The problem:
For this exercise, please return exactly the line containing "Lenovo 15/ryzen 3" and each line after it through the end of the records, with no pictures included.

Records for this exercise:
-=-=-

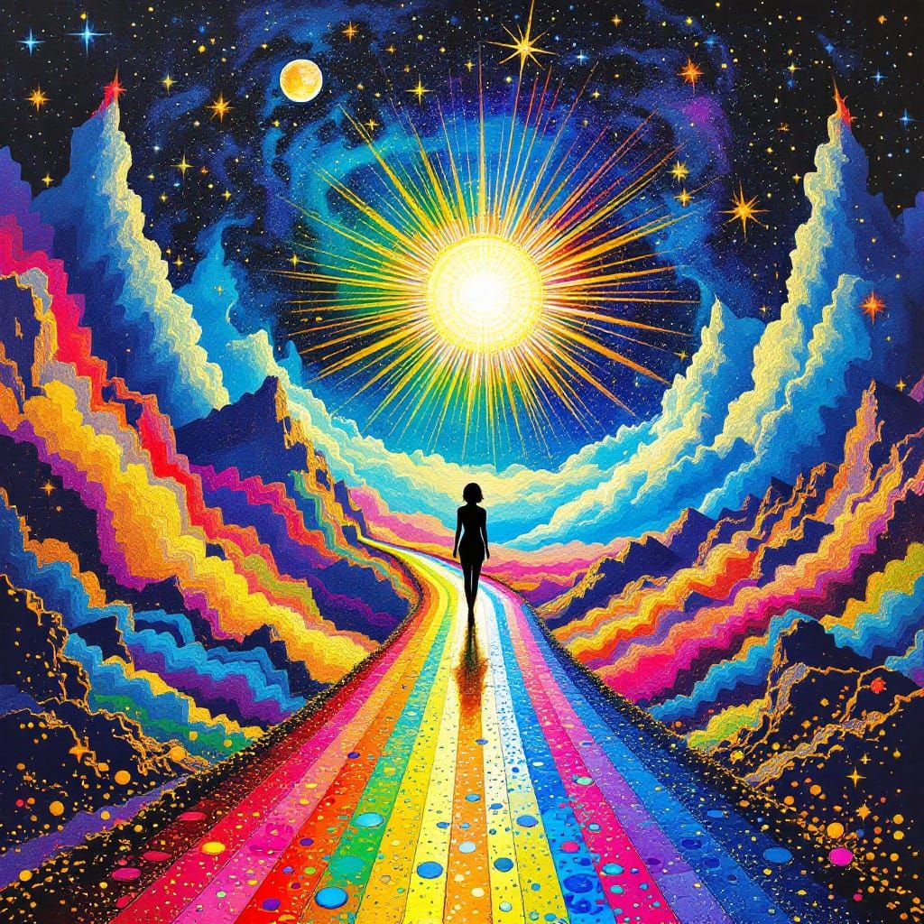 This image blends Byzantine gold-ground technique with Peter Max's vibrant gradients and psychedelic poster art elements, featuring jewel-toned colors, radiating patterns, and gilt highlights.
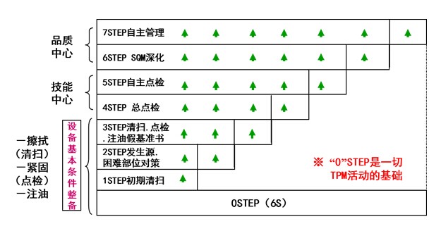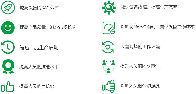 全員參加:指設(shè)備的計(jì)劃、使用、維修等所有部門(mén)都要參加,尤其注重的是操作 者的自主小組活動(dòng)
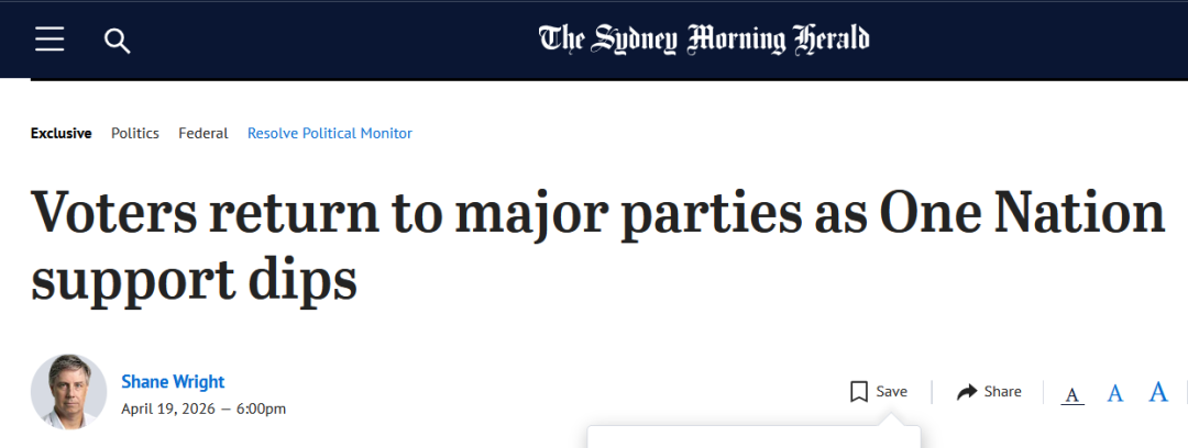 《澳洲人报》的最新一期Newspoll数据也是显示一国党支持率下滑(从27%降低至24%)。
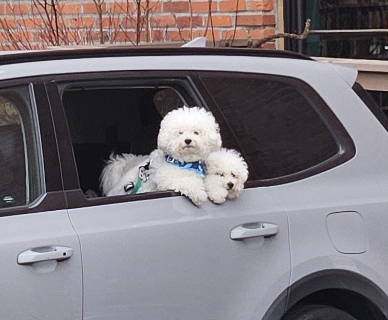 This past Tuesday, on our way out of a Redmond bookstore, Shelley and I noticed this utterly sweet scene – two dogs (maybe siblings?) waiting patiently at an open car window while their owner shopped inside.
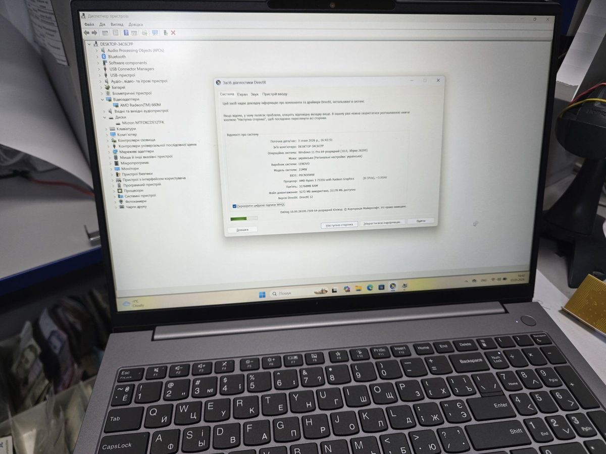 Lenovo 15/ryzen 3 7335u ddr5/32gb ddr5/hdd *відсутній/ssd 512 gb/*інтегрована
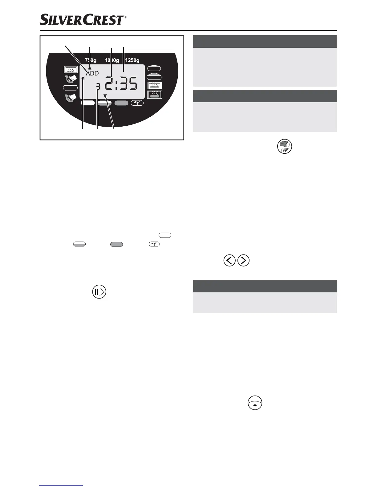 Wahl des Brotgewichtes (750 g / 1000 g / 1250 g).
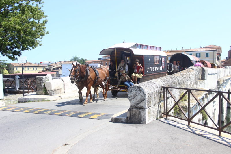 Una carovana di arte, magia e poesia scesa dalla valle al mare. Dopo il debutto a Pennabilli al festival Artisti in piazza, il Cirque Bidon è arivato a Rimini: da domani, martedì 19 giugno fino al 1° luglio, uno dei più importanti ‘circhi visionari’ al mondo presenterà al pubblico il nuovo spettacolo Entrez dans la danse! una produzione ATER – Associazione Teatrale Emilia Romagna, con il Festival Tutti Matti per Colorno e Teatro Necessario. La carovana di cavalli e carrozze è partita ieri da Pennabilli ed è arrivata nel primo pomeriggio di oggi, fermandosi alla piazza sull’Acqua del ponte di Tiberio, dove sarà allestito lo spettacolo (tutte le sere ore 21.30). I biglietti sono disponibili in prevendita su Vivaticket.it.
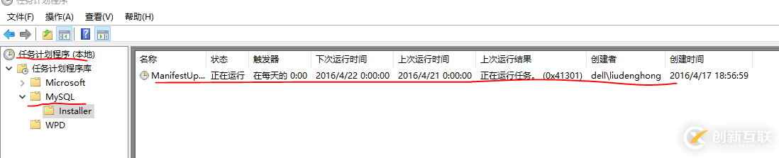 這一條安裝命令,Installing MySQL 5.6.21 using MySQLInstallerConsole.exe win10狀態(tài)下,從開(kāi)始-->所有應(yīng)用--->管理工具--->任務(wù)計(jì)劃程序-->左側(cè)任務(wù)計(jì)劃程序庫(kù)文件夾(或直接用快捷方式win+Q 輸入 任務(wù)計(jì)劃程序 點(diǎn)擊上面的程序進(jìn)入),展開(kāi)文件夾-->mYsql子文件夾installer,點(diǎn)擊。在右側(cè)窗口右鍵點(diǎn)擊鼠標(biāo),選擇“禁用”即可,如下圖:

-=-=-

Finished exercise:
 Lenovo 15/ryzen 3 7335u ddr5/32gb ddr5/hdd *відсутній/ssd 512 gb/*інтегрована
 Wahl des Brotgewichtes (750 g / 1000 g / 1250 g).
 Una carovana di arte, magia e poesia scesa dalla valle al mare. Dopo il debutto a Pennabilli al festival Artisti in piazza, il Cirque Bidon è arivato a Rimini: da domani, martedì 19 giugno fino al 1° luglio, uno dei più importanti ‘circhi visionari’ al mondo presenterà al pubblico il nuovo spettacolo Entrez dans la danse! una produzione ATER – Associazione Teatrale Emilia Romagna, con il Festival Tutti Matti per Colorno e Teatro Necessario. La carovana di cavalli e carrozze è partita ieri da Pennabilli ed è arrivata nel primo pomeriggio di oggi, fermandosi alla piazza sull’Acqua del ponte di Tiberio, dove sarà allestito lo spettacolo (tutte le sere ore 21.30). I biglietti sono disponibili in prevendita su Vivaticket.it.
 這一條安裝命令,Installing MySQL 5.6.21 using MySQLInstallerConsole.exe win10狀態(tài)下,從開(kāi)始-->所有應(yīng)用--->管理工具--->任務(wù)計(jì)劃程序-->左側(cè)任務(wù)計(jì)劃程序庫(kù)文件夾(或直接用快捷方式win+Q 輸入 任務(wù)計(jì)劃程序 點(diǎn)擊上面的程序進(jìn)入),展開(kāi)文件夾-->mYsql子文件夾installer,點(diǎn)擊。在右側(cè)窗口右鍵點(diǎn)擊鼠標(biāo),選擇“禁用”即可,如下圖:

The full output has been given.